Singkat cerita, karena adanya strategi baru dari manajemen, didukung pertumbuhan penjualan mobil yang signifikan. Maka tepat di tahun 2012, IPCC resmi berdiri sebagai entitas mandiri, yang tentunya masih di bawah Pelindo II. Dan setelah itu, barulah pada tahun 2018 perseroan mencatatkan diri sebagai salah satu perusahaan terbuka di Bursa Efek Indonesia (BEI), sampai akhirnya menjadi ajang investasi dan spekulasi pelaku pasar modal.

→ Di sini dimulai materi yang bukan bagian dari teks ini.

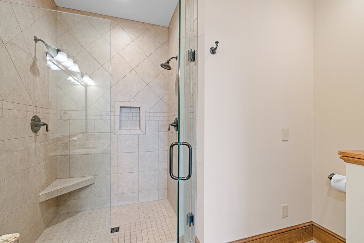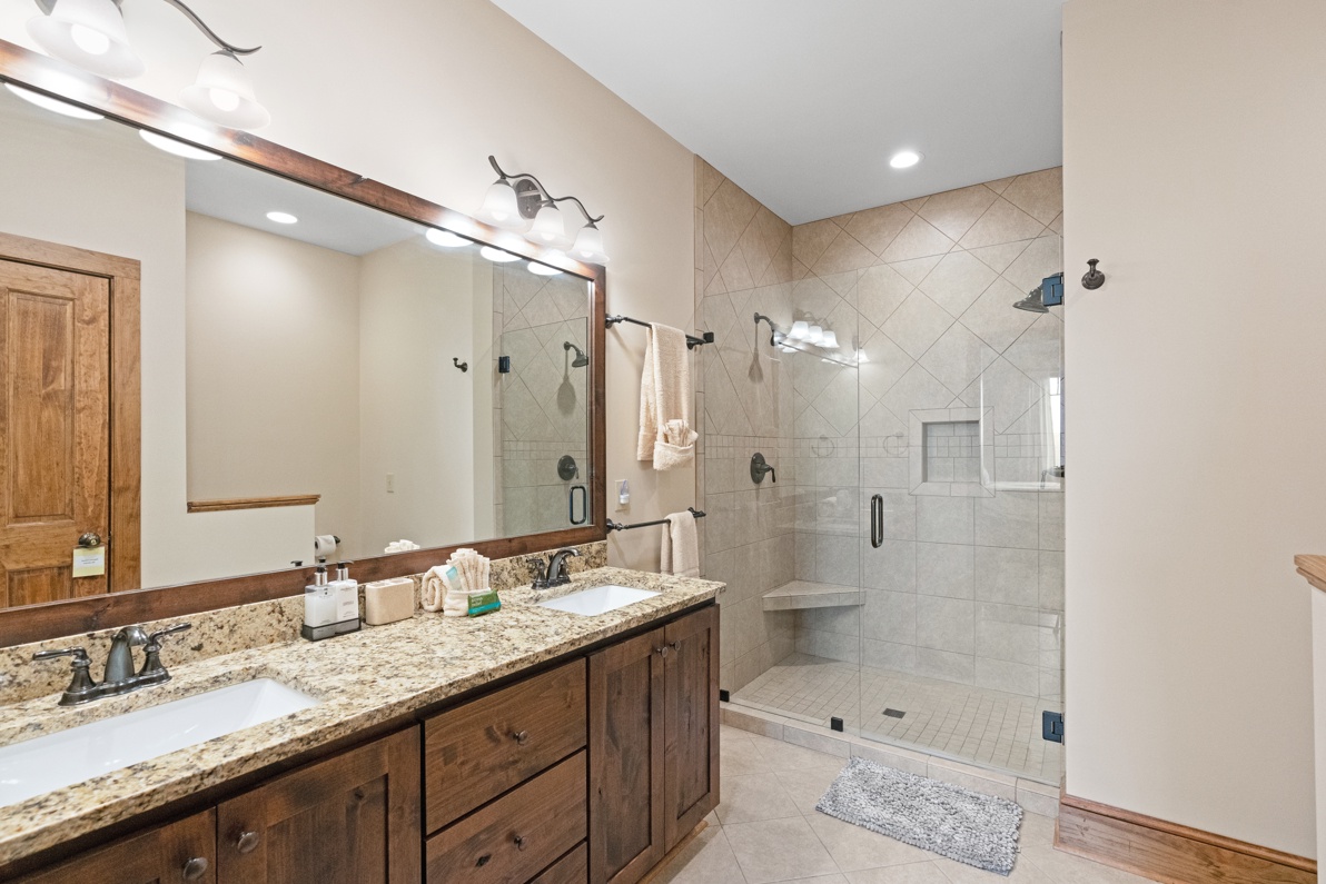 Primary Bathroom---Double Sinks, Tile Shower Stall
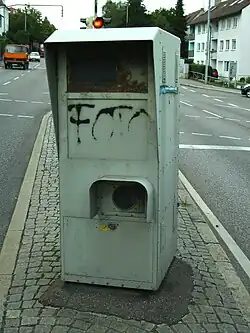 Fixed camera systems can be housed in boxes, mounted on poles beside the road, or attached to gantries over the road, or to overpasses or bridges. Cameras can be concealed, for example in garbage bins.[40]
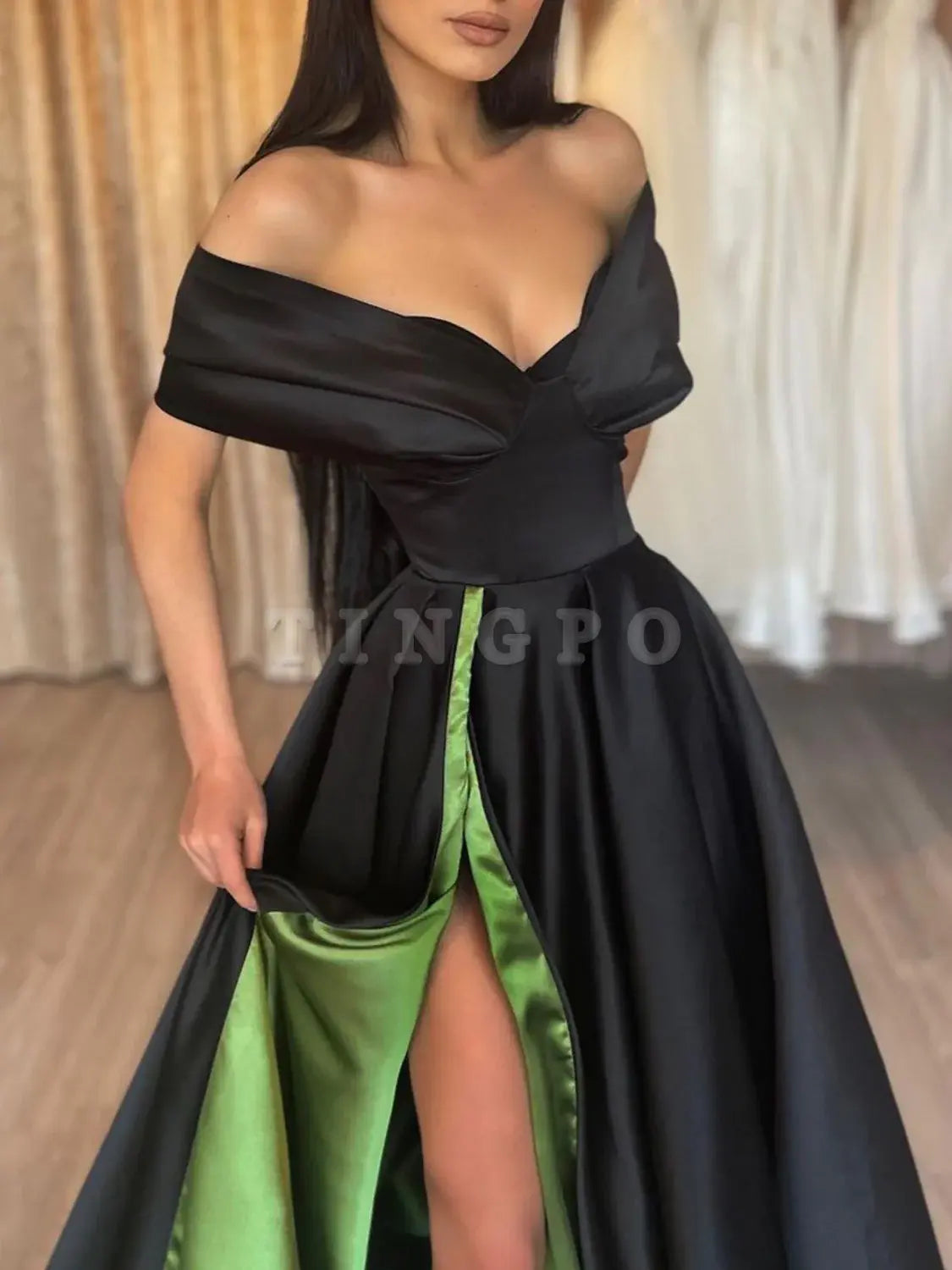 Wholesale Simple black satin off shoulder long prom dress black evening dress gowns evening dresses

Sumber: Laporan Tahunan IPCC 2019

Nah, berdasarkan Laporan Tahunan (LT) 2019, perusahaan memiliki 4 macam sumber pendapatan. Di antaranya adalah: 1. Pendapatan jasa terminal bongkar muat kendaraan (mobil, motor, alat berat, beserta komponen pendukungnya) 2. Pendapatan jasa barang, yakni ekspor & impor kendaraan 3. Pendapatan rupa-rupa usaha, misalnya dari permintaan spesifikasi tertentu dari konsumen negara tujuan, IPCC apabila memungkinkan dapat memenuhi permintaan tersebut (value added service) 4. Dan terakhir, adalah pendapatan utilisasi yang didapatkan dari pengusahaan tanah, bangunan, air dan listrik. Thus, jika teman-teman telisik, maka sebetulnya 98,5% pendapatan IPCC masih berasal dari 2 segmen utamanya, sehingga analisa kita dapat fokus ke bidang usaha jasa terminal dan barang saja.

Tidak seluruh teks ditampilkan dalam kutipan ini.